Israeli model (born 1984)

Chava Mond (חוה מונד; born 1984) is an Israeli model.

==Biography==
Chava (Havi) Mond was born and raised in Safed to a religious Jewish family. She attended the city's religious girls' school. She hoped to study law and become an attorney, but at the age of 16 she was traveling in London with her aunt and was offered a job by a Select model agent. Mond refused, saying that she was religious and that she hadn't completed her high school studies, so Select waited until she turned 18, at which age Mond completed her national service.

She has been described as the first Israeli model to observe the Jewish Sabbath and keep kosher.

She holds joint Israeli and British citizenship, and lives in Hendon.

==Modelling career==
Mond worked for French Connection, Calvin Klein, Ralph Lauren, The Times (on the cover and in an article), Cosmopolitan, In Style, Harvey Nichols Magazine and Marie Claire.

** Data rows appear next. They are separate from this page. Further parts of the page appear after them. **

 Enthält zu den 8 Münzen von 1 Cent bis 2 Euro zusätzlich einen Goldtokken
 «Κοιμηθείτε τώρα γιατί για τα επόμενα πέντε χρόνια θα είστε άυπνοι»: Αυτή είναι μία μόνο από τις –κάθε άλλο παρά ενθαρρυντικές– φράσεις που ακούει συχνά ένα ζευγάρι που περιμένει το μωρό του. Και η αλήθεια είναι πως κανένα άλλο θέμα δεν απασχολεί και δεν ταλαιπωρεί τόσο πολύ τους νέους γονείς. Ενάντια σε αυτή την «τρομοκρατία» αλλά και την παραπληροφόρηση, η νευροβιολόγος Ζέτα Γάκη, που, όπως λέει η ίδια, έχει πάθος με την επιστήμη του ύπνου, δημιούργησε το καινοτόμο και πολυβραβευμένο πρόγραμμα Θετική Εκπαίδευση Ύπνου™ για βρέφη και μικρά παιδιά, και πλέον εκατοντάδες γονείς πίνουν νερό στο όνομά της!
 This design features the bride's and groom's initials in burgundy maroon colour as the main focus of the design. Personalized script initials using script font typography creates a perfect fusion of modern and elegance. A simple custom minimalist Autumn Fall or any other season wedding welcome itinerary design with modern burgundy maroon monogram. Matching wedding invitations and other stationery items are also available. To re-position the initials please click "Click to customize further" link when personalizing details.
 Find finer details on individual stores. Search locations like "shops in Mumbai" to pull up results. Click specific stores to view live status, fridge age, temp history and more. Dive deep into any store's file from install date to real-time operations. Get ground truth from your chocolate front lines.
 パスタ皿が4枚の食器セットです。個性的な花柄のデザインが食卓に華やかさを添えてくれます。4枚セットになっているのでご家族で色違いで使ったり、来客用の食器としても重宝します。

Chava has also been on the catwalk for Chanel, Yves Saint Laurent and London Fashion Week and she has appeared in the advertising campaigns of Laura Ashley, French Connection and Gina Bakoni. As well, she is leading the 2004/5 winter campaign of Armani Jeans and the current, worldwide campaign for Pantene hair products.

Mond refuses to be photographed in swimsuits and underwear for religious reasons.